The extra money wouldn’t hurt. They could get a new car, help Peter pay off some student loans, maybe even think about a place upstate, a little cabin to get away from it all. Life would be a bit easier.

Besides, Michael would need something to fill his days. She knew enough retired cops and firemen to worry about how he would spend his time. A forty-seven-year-old retiree who liked his beers was a dangerous thing.

He wouldn’t have to rush in. He could enjoy a few months off, golf with his friends. They could take a trip together. Gail had gone back to teaching when Bobby reached high school, but she had her summers off. She’d always wanted to see Ireland and for years Michael had promised to take her. Now they could do it.

They made love that night. She lay awake afterward, spinning out the possibilities in her head. Maybe she could stop teaching, work at the store. Maybe Franky could start right away, never mind college, which was a waste of his time and their money, if she was being honest. Maybe Peter would get into Columbia or NYU for law school; he could live at home, commute, make a few extra bucks working for his father. She fell asleep thinking they would remember this night forever, the end of one chapter in their life, the beginning of a new one. She would remember it later for a different reason, as the last time she and Michael had sex for nearly a year.

She woke the next morning with a nervous enthusiasm, a feeling that slowly ebbed over the course of a strange and lonely summer. Peter stayed in Ithaca, got a job as a research assistant for some professor plus a few shifts waiting tables at the local hamburger joint.
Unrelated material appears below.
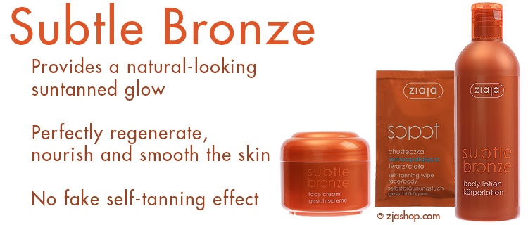 už jste někdo vyzkoušel řadu Subtle Bronze od kosmetiky Ziaja.. ? Pravděpodobně to bude asi spíš novinka, mají to být nějaké šetrné rozsvětlující tělové balzámy, mají napravovat barvu pleti, lehce opalovat atd.. trošku to bude asi takové, jako samoopalovací krémy nebo něco na ten způsob.. Docela mě to láká, ale nikde jsem nenašla žádné české recenze, tak nevím, jestli do toho mám jít či né.

Franky was supposed to take summer classes at CSI, but one of Michael’s old FDNY friends had a landscaping business down the shore in Spring Lake and offered Franky twenty dollars an hour and a bed in a basement.

Bobby was home, but he was a vagabond, barely in the house, in constant search of hardwood floors or asphalt blacktop. In the spring, he’d had a late growth spurt, three inches in as many months, and become a basketball junkie; he talked about little else, spent all his free time practicing or playing. Last year, he’d been a bit player on the team, inserted into the games sporadically: a minute here, two minutes there. He barely stayed in long enough to break a sweat.
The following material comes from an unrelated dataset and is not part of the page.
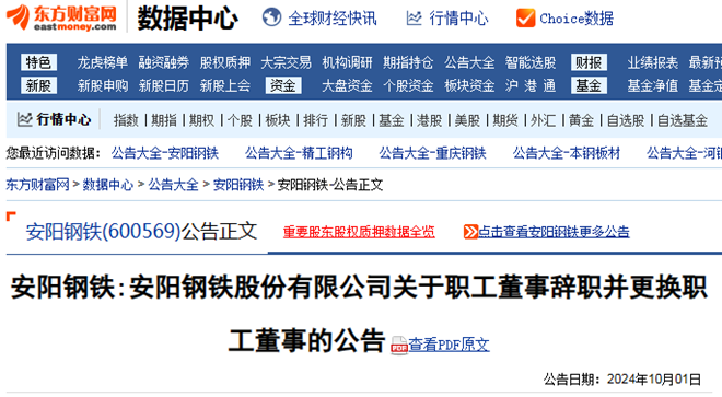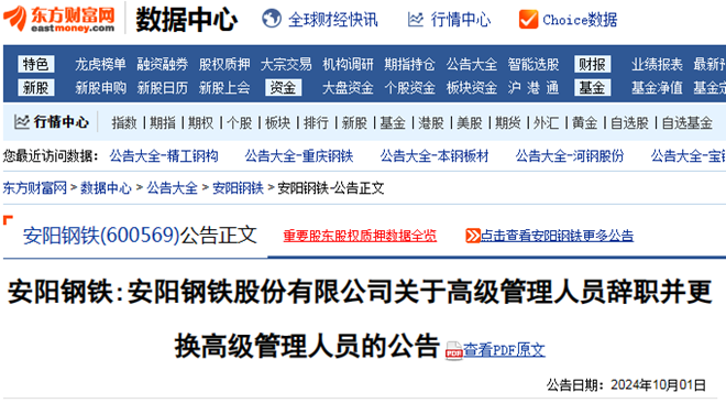 10月1日,安陽鋼鐵(600569)發布了《安陽鋼鐵股份有限公司關于高級管理人員辭職并更換高級管理人員的公告》與《安陽鋼鐵股份有限公司關于職工董事辭職并更換職工董事的公告》。

But most of the key players had graduated and Coach Whelan had dangled the promise of increased playing time under the noses of all the rising seniors as an incentive to make them practice over the summer. Bobby had taken the bait.

The other boys had played football and baseball, games Gail knew and understood. She enjoyed them, except for the more brutal aspects of football. Basketball was foreign to her, a fast-paced mess whose best players — no point denying it — were inevitably black. She didn’t understand Bobby’s fascination, but there was little doubt that he loved it. And unlike baseball and football, it was his; he didn’t have to toil in the shadows cast by his older brothers.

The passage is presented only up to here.